Ross Brierley - On The Mic

Performer: Ross Brierley                
Photograph by: David Lindsay
Show: Accumulator
Venue: Underbelly Daisy
Promoter: Brett Vincent for Get Comedy

 

Tell me about your Edinburgh show.

No, I flat out refuse. Oh ok. It’s my debut Edinburgh hour and it’s about the one thing that separates me from all those other comedians going up to the Fringe: I’m a professional gambler. So you’re getting an hour about how I make most of my living from trying to predict which horse is faster than the others and all the life lessons I’ve picked up along the way. And a song about bookies pens.

 

Tell me about your first gig.

It was at the no defunct but fondly remembered Mr Bens Comedy Club in Leeds. Monday night, Gong Show. Dying on my arse, two cards go up, I instinctively spend the next 90 seconds taking the piss out of the couple who card me. This goes really well. I mistakenly think this must means I’m alright at comedy. Six years later, here we are.

 

Do you have any rituals before going on stage?

I take the teeth of my enemies, which I keep on a piece of copper wire around my ankle, and I whisper to them quietly, reminding them of how I have grown ever stronger over the course of several centuries and that they did not die in vain for their loss of life will enable me to make a room of paying punters forget their worries for an evening. That, and dance on the spot a little bit

 

Tell me about your best and worst review.
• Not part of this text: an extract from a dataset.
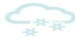
Weight of ice, sleet, and snow
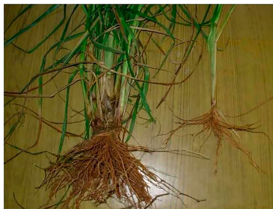
Figure 2. Comparison of the root systems of finger millet plants grown in Jharkhand state of India; SFMI methods on left, and conventional methods on right.

plants which are cultivated with SRI practices. These results were, however, unfortunately never published ( Figure 3 ).

The best was a review from The Skinny which lauded my Fringe debut (co hosting the late night spoof chat show, The Not So Late Show with Ross & Josh, as one of the most creative, inventive things they had seen at the Festival all year …. and then giving us three stars. The worst was the 18 year old Gap Year Student who also reviewed the show and didn’t understand a thing of what was going on.

 

During this Edinburgh run, do you plan to read reviews of your show?
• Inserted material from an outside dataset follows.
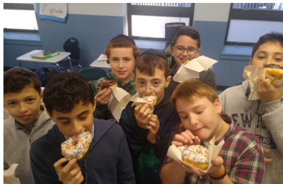
Thank you to our N'shei for the yummy Rosh Chodesh treat!

There is Mincha on Sundays in the Yeshiva Ketana Ohr Reuven Beis Midrash at 12:40 PM, till March 6th. Fathers are welcome to join!
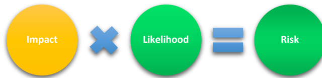
FIGURE 2 – RISK EQUATION

Impact and Likelihood are assigned severity ratings based on the analysis and risk is determined using the following table.

Sure. Those that don’t are doomed to never understand exactly how their carefully crafted jokes affect journalists who have grown weary of the near constant sensory onslaught that is the Edinburgh Fringe. Sometimes you can’t see the wood for the flyers

 

How do you feel about reviewers generally?

Fine. They serve a purpose, and it is a very human response to want to take art and condense it into words, extract a meaning and share your thoughts. Though whether you can truly encapsulate the experience of an hour long comedy show in 100 words is a debate

 

In April 2018, YouTube comedian, Markus Meechan (aka Count Dankula) was fined £800 for training his girlfriend’s pug dog to do a Nazi salute with its paw, in response to the phrase ‘Gas the Jews’. Do you believe Meechan committed a criminal offence, and why?  
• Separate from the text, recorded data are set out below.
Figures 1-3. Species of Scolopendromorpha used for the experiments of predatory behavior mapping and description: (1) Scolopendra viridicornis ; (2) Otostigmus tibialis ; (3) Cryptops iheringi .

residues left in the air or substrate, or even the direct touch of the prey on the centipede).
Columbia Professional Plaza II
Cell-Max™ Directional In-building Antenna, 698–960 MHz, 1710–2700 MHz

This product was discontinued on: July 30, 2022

I honestly have no idea. As the adage goes, free speech doesn’t mean freedom from consequences. Whether pursuit through the court was quite the correct way to deal with such a moron is another thing entirely, but I don’t know enough about the law to say whether he committed a criminal offence or not.

 

Are there any subjects that are not suitable for comedy?

Creosoting a fence. Key Stage 3 Maths. Dutch Elm Disease

 

Have you ever gone too far?

Yes and I had to turn back almost immediately. In comedic circumstances, I have made a couple of off the cuff comments in the heat of the moment that were taken badly, as anyone with an overactive brain and a microphone would have done, but I feel, as a straight, white man telling jokes with no apparent boundaries around what I can and can’t do in life, pushing them doesn’t necessarily seem like my job

 

Looking back over your time as a comedian, tell me about the best gig of your career.

When I won Hot Water Comedy Club Comedian of the Year in 2014, every single joke seemed to land, which might be the only time that’s ever happened.